Zonal autoshift is a capability where Amazon shifts application resource traffic away from an Availability Zone, on your behalf. Amazon starts an autoshift when internal telemetry indicates that there is an Availability Zone impairment that could potentially impact customers. The internal telemetry incorporates metrics from several sources, including the Amazon network, and the Amazon EC2 and Elastic Load Balancing services.

You must manually enable zonal autoshift for supported Amazon resources.

When you deploy and run Amazon applications on load balancers in multiple (typically three) AZs in a Region, and you pre-scale to support static stability, Amazon can quickly recover customer applications in an AZ by shifting traffic away with an autoshift. By shifting away resource traffic to other AZs in the Region, Amazon can reduce the duration and severity of potential impact caused by power outages, hardware or software issues in an AZ, or other impairments.

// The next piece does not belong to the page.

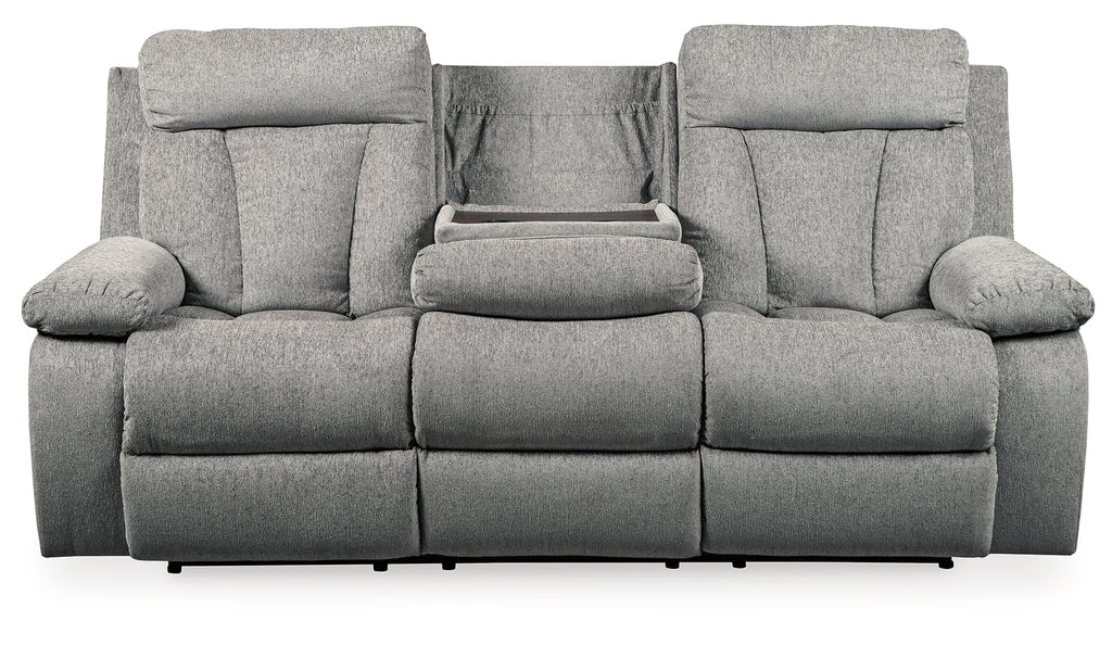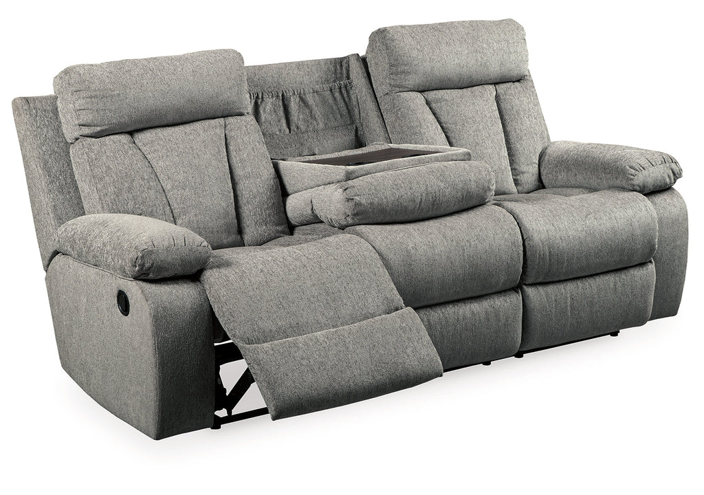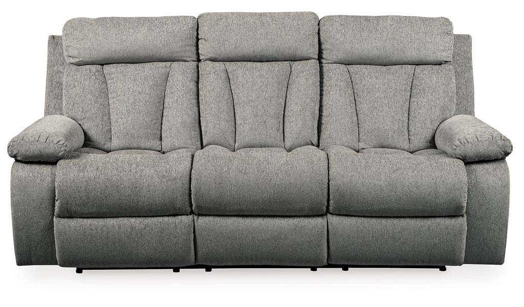 Your to-do list is complete, now it’s time for ultimate relaxation. This double reclining sofa is plush in all the right places, and will support you for longer than you can binge watch your favorite TV show. The neutral upholstery is ready for a patterned throw pillow and some of your time. The middle seat’s back drops down into convenient table top with cup holders, the perfect resting spot for tablets and magazines.

The resources supported by ARC provide integrations that mark the specified AZ as unhealthy, which results in traffic being shifted away from the impaired AZ.

When you enable zonal autoshift for a resource, you must also configure a practice run for the resource. Amazon performs practice runs about weekly, for 30 minutes, to help you make sure that you have enough capacity to run your application without one of the Availability Zones in the Region.

As with zonal shift, there are a few specific scenarios where zonal autoshift does not shift traffic away from the AZ. For example, if the load balancer target groups in the AZs don't have any instances, or if all of the instances are unhealthy, then the load balancer is in a fail open state and you can't shift away one of the AZs.